ヒョウリ:さすが役者さん! と思ったね。
リョウ:あとは団時朗さん(『帰ってきたウルトラマン』の主人公・郷秀樹隊員役)が登場するシーンでは、どうしてもこの音を使いたい! というアプローチもしてます(笑)。
ヒョウリ:往年の特撮音楽全部盛り! という感じだよね。それにしても団さんの存在感は格が違ったなあ。
「バトルシーンのエレキギターは『エヴァ』の劇伴を意識した」
リョウ:ヒョウリ的な聴きどころポイントは?
ヒョウリ:主題歌はもちろんだけど、やはりバトルシーンの音楽かな。『ウルトラ』シリーズで例えるなら、冬木透さん(『ウルトラセブン』以降のウルトラシリーズの音楽を数多く手がけた作曲家)というより、宮内國郎さん(『ウルトラQ』[1966年]『ウルトラマン』[1966~1967年]の音楽を手がけた作曲家)的というか。宮内さんのメロディってロックなんだよね。そのエッセンスを感じてもらえたら。
リョウ:そうだね。ある意味、壮大な音楽を作る方が作曲家としては楽だったりする。音を重ねればそれっぽく派手にはできるから。でも今回は逆で、ブラス中心で音数を絞っていくのが大変だった。そこはヒョウリのメロディの力があったからこそ成立した気がしたな。ちょっと宮内國郎的な特撮音楽の、現代版をやってみたかったというのもあるね。
ヒョウリ:往年の特撮音楽をベースにしつつ、より新しいアレンジにしようという試みもある。
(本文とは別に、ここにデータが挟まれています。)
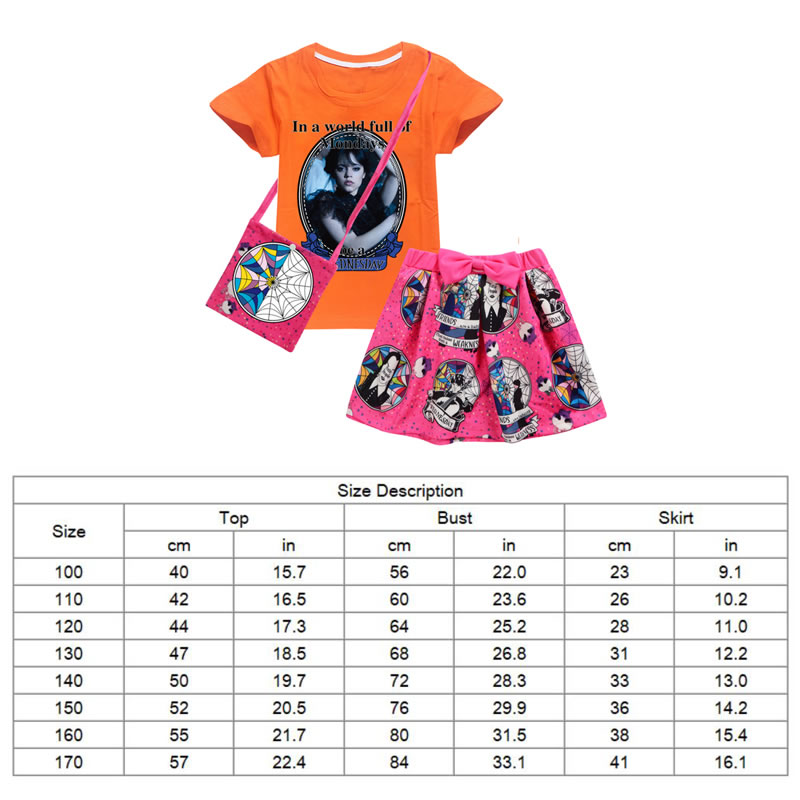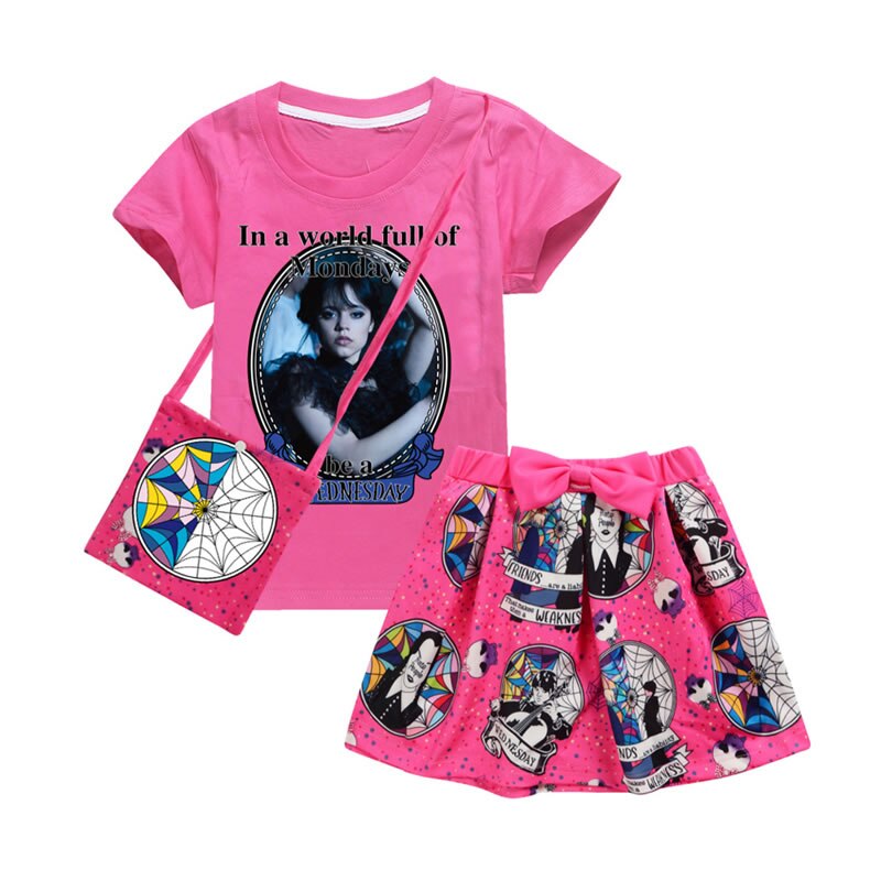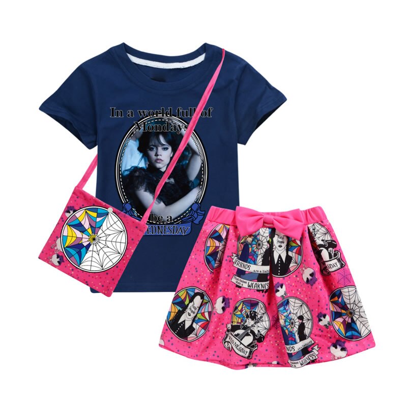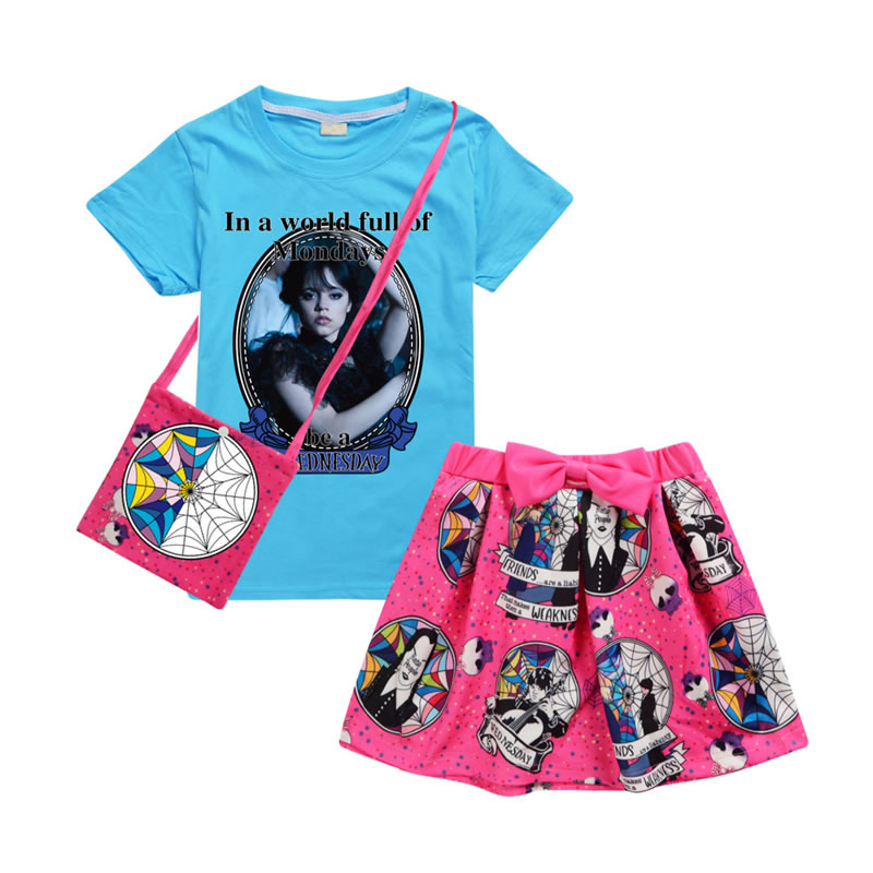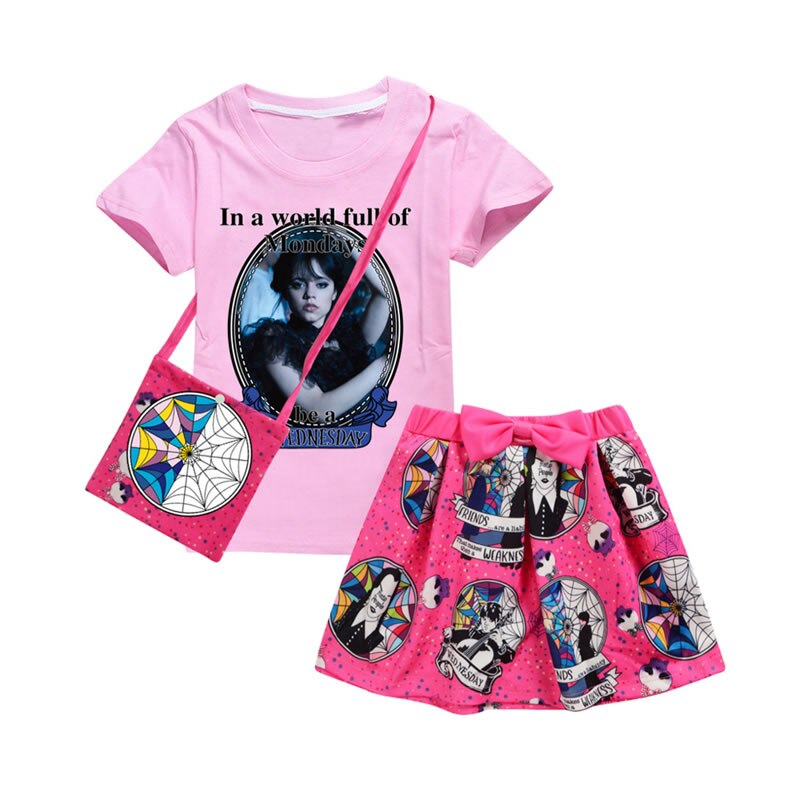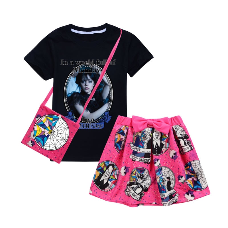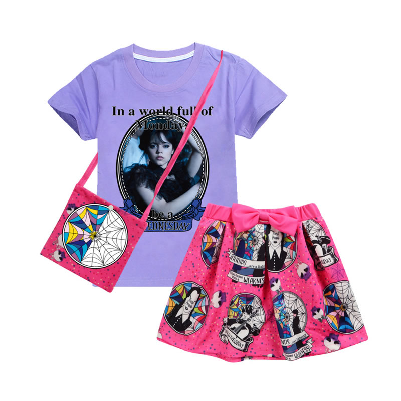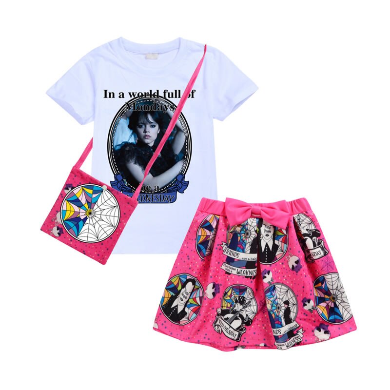 3 шт., детские футболки с принтом, юбка с бантом и сумка

特撮音楽に精通している方々は、そのあたりも楽しんでいただきたいですね。
リョウ:バトルシーンの音楽にはエレキギターも入れてもらったけど、あれはどんなイメージ?
ヒョウリ:『新世紀エヴァンゲリオン』(1995~1996年)の鷺巣詩郎さんの劇伴かな。『シン・ゴジラ』(2016年)にエヴァの楽曲が引用された時、エレキギターが入ってきたのがすごく新鮮でびっくりした。あの感じを意識して弾きましたね。
リョウ:メイン楽曲はヒョウリに書いてもらいつつ、自分は合間に入る劇伴音楽をたくさん作ったんだけど、とくに大変だったのが劇中の「タルタン人(遊星王子の敵)の歴史映像」というくだり。6分近くノンストップで、とにかくいろいろ音楽的な小ネタを詰め込んだシーンなので、ぜひ注目してほしいですね(笑)。
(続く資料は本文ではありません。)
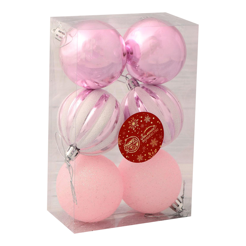 Набор новогодних шаров 2178147 Флёр 5см, пластик, розовый, 6 шт
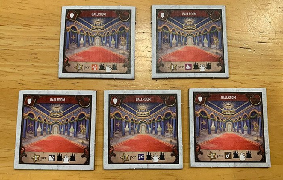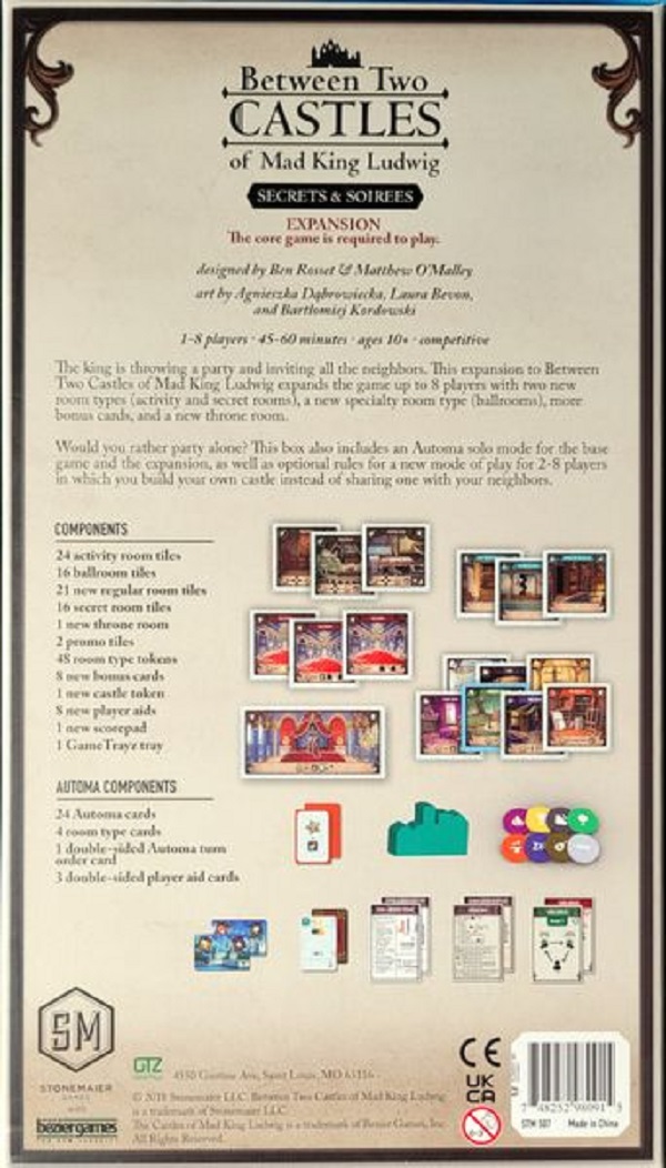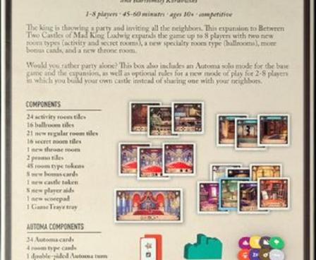 The king is throwing a party and inviting all the neighbors! This expansion to Between Two Castles of Mad King Ludwig expands the game up to 8 players with two new room types (activity and secret rooms), a new specialty room type (ballrooms), more bonus cards, and a new throne room.
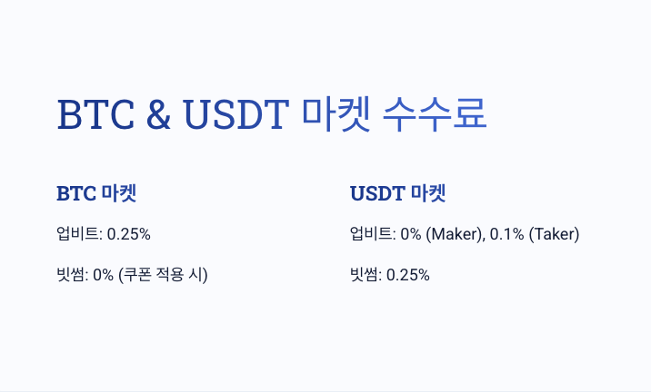 - BTC 마켓: 업비트와 빗썸 모두 기본적으로 0.25%지만, 빗썸은 쿠폰을 활용하면 수수료가 무료

「主演の日向野祥さんは、爽やかな演技をしても嫌味がない」
リョウ:さて、作品の全体的な印象はどうでしたか?
ヒョウリ:河崎監督作品だから斜め上なオマージュなどもありつつ、ちゃんと王道な特撮作品の楽しさが詰まっていて良かったですね。もっとギャグの連続かと思いきや、ちょっとホロッとくる要素もあって意外だったというか(笑)。あとは登場するロボットの造形もかなりクオリティが高い。ロボットの登場シーンは出色でした。
リョウ:レトロだけどカッコ良いよね。あのロボットのフィギュアとか欲しい。
ヒョウリ:これを機に『遊星王子』再評価ブームとか来てほしいよね。
リョウ:『遊星王子』のレトロフィギュアとかも発売しないかな。コスチュームデザインは麻宮騎亜さんだし、カッコ良く仕上がると思う。
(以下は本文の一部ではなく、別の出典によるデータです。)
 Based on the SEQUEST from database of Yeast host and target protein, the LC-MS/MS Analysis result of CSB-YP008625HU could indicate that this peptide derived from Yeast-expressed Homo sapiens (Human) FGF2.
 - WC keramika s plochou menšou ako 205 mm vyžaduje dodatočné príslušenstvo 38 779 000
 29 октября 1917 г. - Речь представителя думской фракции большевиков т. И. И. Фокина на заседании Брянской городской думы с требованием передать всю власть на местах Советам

ヒョウリ:<ブルマァク>的な(笑)。それはちょっと欲しいな。
リョウ:本作は配役も見どころだよね。
ヒョウリ:特に主演の日向野祥さんがすごく良かった。『ウルトラマンZ』(2020年)の平野宏周さんにも通じる、爽やかな演技をしていても嫌味がないキャラクターで。
リョウ:分かる! 観終わったあと、みんな彼を好きになっちゃうのでは? という感じが似ているよね。
ヒョウリ:彼の「陽」な感じに引っ張られて、楽しい映画になっている印象だったな。
リョウ:単純に、観て元気になれる。今の時代に必要とされてる作品という気がするよね。往年の特撮俳優の方々の出演も多かったけど、個人的に良かったのは『ウルトラマン』でホシノ少年を演じた津沢彰秀さん。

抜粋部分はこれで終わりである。